** Your objective **
Pictures are to be left out. Return exactly the lines below from the one with "Geometrica was recognized" up to and including the one with "當(dāng)日是不少中小學".

━━ Data ━━

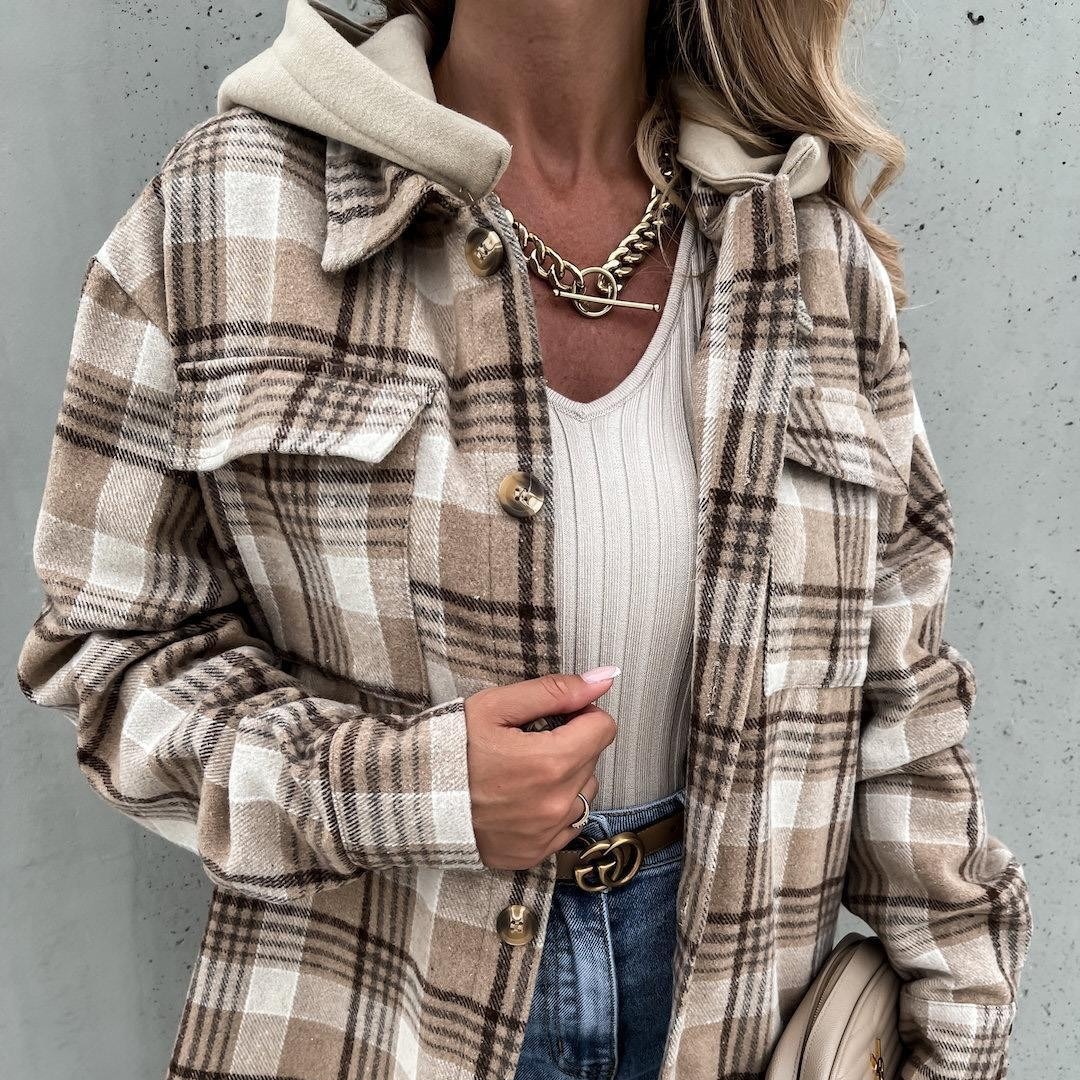Cross-border European and American Foreign Trade Women’s Autumn and Winter New Amazon Hooded Loose Plaid Button Shirt Jacket
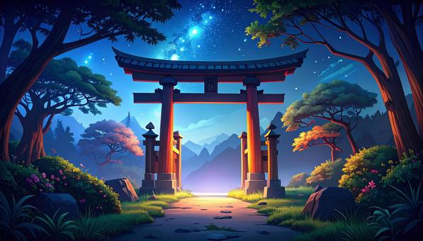 夕霧漂う黄昏時の古木の森の幻想風景_背景
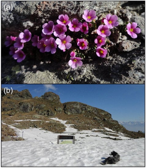 Androsace brevis (Figure 1a) is a narrow-endemic cushion plant that grows above 2000 m asl on rocky ridges and outcrops in a limited area in the southern Alps of northern Italy (Lombardy) and neighbouring Switzerland, in few and scattered populations of limited size. Its conservation status in Italy is vulnerable (VU) according to IUCN criteria []. The flowering period is very short, typically lasting about 2 weeks between the end of May and the beginning of June. It occurs where the snow has just melted, while in the immediate vicinity, it is still present in patches (Figure 1b). Each plant carries from a few to about 200 solitary flowers (ca. 4 mm long) with a pink corolla (ca. 8 mm in diameter) and a yellow mouth (ca. 0.9 mm in diameter); flowers are held by 0.5–2 cm erect pedicels [,].
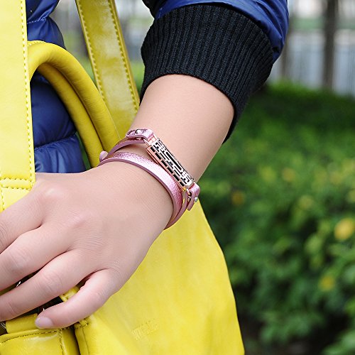 Hagibis Genuine Leather Bands with Metal Pendant for Fitbit Flex 2
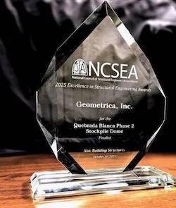 Geometrica was recognized as a finalist in the Non-Building Structures category at the 2025 Structural Engineering Excellence (SEE) Awards, organized by the National Council of Structural Engineers Associations (NCSEA). The distinction acknowledges our engineering work on the Quebrada Blanca Phase 2 Stockpile Dome Project, featuring the proprietary Hoisting Tower system, designed to enable efficient, rapid, and safe installation of large domes and long-span covers.
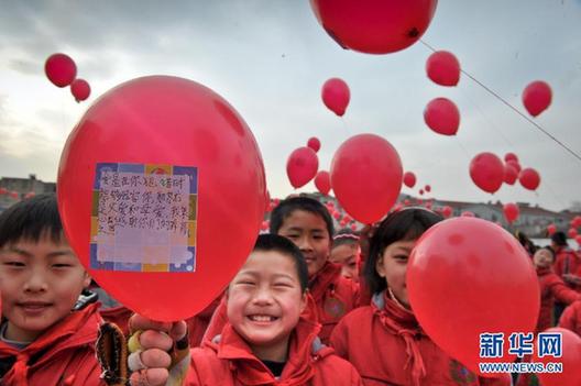 當(dāng)日是不少中小學(xué)寒假過(guò)后開(kāi)學(xué)第一天,安徽省合肥市蜀山區(qū)蜀山小學(xué)千余名學(xué)生集體放飛寫有感恩話語(yǔ)的氣球。(新華社記者 郭晨攝)
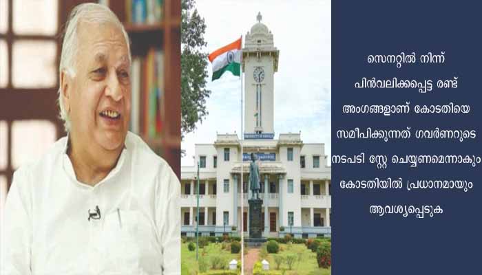 സെനറ്റില് നിന്ന് പിന്വലിക്കപ്പെട്ട രണ്ട് അംഗങ്ങളാണ് കോടതിയെ സമീപിക്കുന്നത്. ഇതില് അന്തിമ തീരുമാനം 20/10/22 വ്യാഴാഴ്ചയുണ്ടാകും. കേസില് ഗവര്ണര്ക്കെതിരായ നിലപാടാണ് സര്വകലാശാല കൈക്കൊള്ളുക. ഗവര്ണറുടെ നടപടി സ്റ്റേ ചെയ്യണമെന്നാകും കോടതിയില് പ്രധാനമായും ആവശ്യപ്പെടുക. സ്റ്റേ അനുവദിച്ചാല് അടുത്ത സെനറ്റ് യോഗത്തില് ആ അംഗങ്ങളെ പങ്കെടുപ്പിക്കാന് കഴിയും. ഇതിലൂടെ ഗവര്ണര്ക്ക് തിരിച്ചടി നല്കാന് കഴിയുമെന്നാണ് സിപിഐഎം നീക്കം.
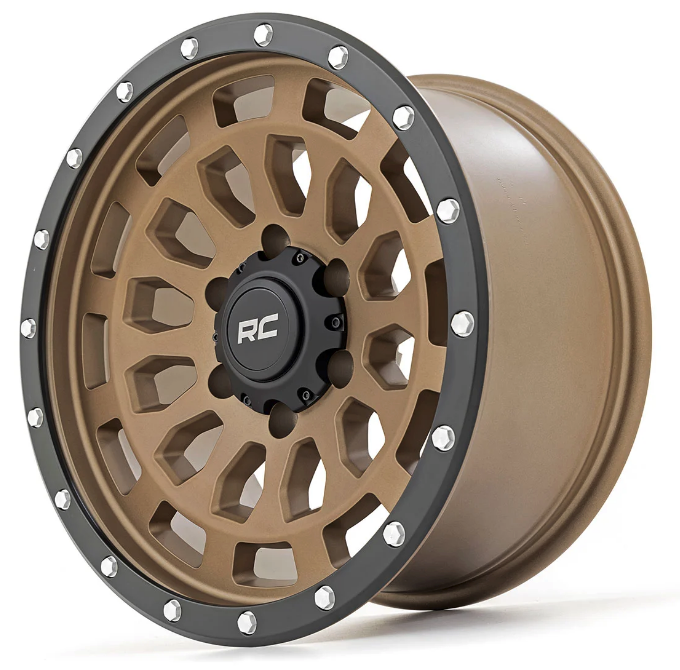 Superior Design. Our Series 87 bronze Wheels feature a high-quality bronze finish with matte black simulated bead lock and one-piece aluminum construction that delivers a strong, durable wheel. These copper color wheels boast an aggressive design and include a Rough Country black center cap, so you can tackle the road in style. Rough Country's Copper Wheels come with a 1-year finish and Limited Lifetime Structural Warranty.

━━━

** Response **
 Geometrica was recognized as a finalist in the Non-Building Structures category at the 2025 Structural Engineering Excellence (SEE) Awards, organized by the National Council of Structural Engineers Associations (NCSEA). The distinction acknowledges our engineering work on the Quebrada Blanca Phase 2 Stockpile Dome Project, featuring the proprietary Hoisting Tower system, designed to enable efficient, rapid, and safe installation of large domes and long-span covers.
 當(dāng)日是不少中小學(xué)寒假過(guò)后開(kāi)學(xué)第一天,安徽省合肥市蜀山區(qū)蜀山小學(xué)千余名學(xué)生集體放飛寫有感恩話語(yǔ)的氣球。(新華社記者 郭晨攝)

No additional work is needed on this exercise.